This toolkit is designed to help health agencies navigate the process of building and maintaining partnerships with CAAs and other community-based organizations — empowering agencies to leverage community-driven approaches that ensure the sustainability and effectiveness of immunization infrastructure.
How to Use This Toolkit
To make the most of this toolkit, public health professionals and partners should follow these steps:
- Familiarize Yourself with the Community Action Network: Begin by reviewing the introductory sections that explain the role and value of the Community Action network. Understanding its capacity for fostering engagement through direct community involvement and health initiative support will provide context for successful partnerships.
- Learn from Real-World Application: Gain insights from the included examples into how other state health agencies have worked with Community Action partners.
- Apply Partnership Guidance and Implement Collaborative Strategies: Focus on the practical steps that can help you build strong, long-lasting relationships with Community Action organizations to ensure you meet mutual goals. These strategies are designed to help you integrate community-driven approaches into state health programs for lasting impact.

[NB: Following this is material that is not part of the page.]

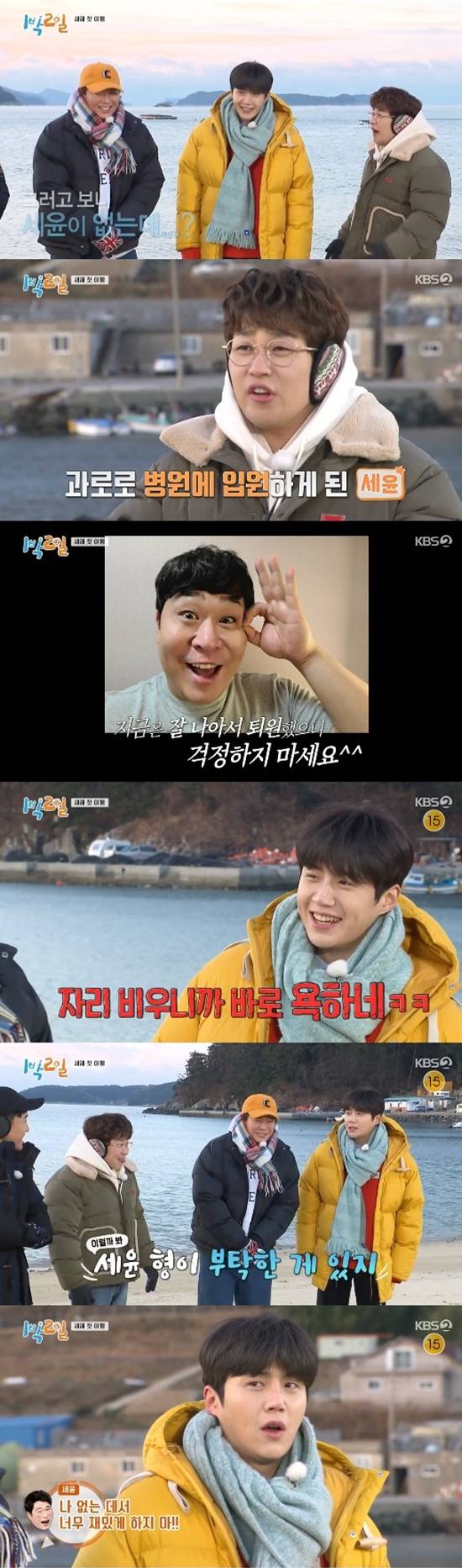 17일 방송된 KBS 2TV '1박 2일 시즌4'에서는 문세윤이 과로로 병원에 입원해 촬영에 불참한 사실이 전해졌다.

Following this framework will equip state and territorial health agencies to develop and sustain partnerships that enhance immunization efforts and support overall community health.
What Is Community Action?
CAAs connect individuals and families to programs and services that help them succeed — from high-quality education programs for children to job retraining for adults, stable and affordable housing for families, utility assistance, and health care services or referrals — and promote community-wide solutions to seemingly stubborn challenges throughout cities, suburbs, and rural areas. CAAs often partner locally, statewide, and nationally to support infrastructure change and to share their expertise on how to promote greater economic opportunity for children and families. CAAs operate at the local level, serving 99% of America’s counties, and boast a network of 1,000+ agencies nationwide. CAAs are funded through the Community Services Block Grant (CSBG) and connected/supported through a multi-level network including the National Community Action Partnership (NCAP), regional and state associations.
Understanding the Community Action Approach
A core strength of CAAs lies in their ongoing, systematic approach to understanding and addressing local needs. Central to this is the Community Needs Assessment, which the Community Services Block Grant requires agencies to conduct at least every three years and informs strategic planning and program development. These assessments combine quantitative data (e.g., demographics, economic indicators, health statistics, and housing data) with community input to identify key challenges and guide responsive, targeted interventions.
CAAs recognize that data alone doesn't capture the full community experience, so they prioritize robust engagement with individuals with low incomes, local leaders, service providers, and other stakeholders. Through surveys, focus groups, public forums, and key informant interviews, CAAs gather diverse perspectives on needs and challenges. They also map existing community resources (e.g., government programs and non-profit initiatives) to strategically plan interventions that address gaps and maximize impact.
With a clear understanding of community needs and resources, CAAs act through a multi-faceted approach. Their services range from emergency support to long-term solutions like housing assistance, job training, education, and financial empowerment. Individualized case management helps clients navigate systems and access tailored resources. Collaboration is key — CAAs partner with local organizations, government agencies, and businesses to build a coordinated, effective service network.
To maximize impact, CAAs use performance management frameworks like Results Oriented Management and Accountability to assess needs, determine outcomes, plan services and strategies, measure progress, and evaluate outcomes. This ongoing cycle of assessment, service delivery, and collaboration helps empower individuals and families toward economic security and community resilience.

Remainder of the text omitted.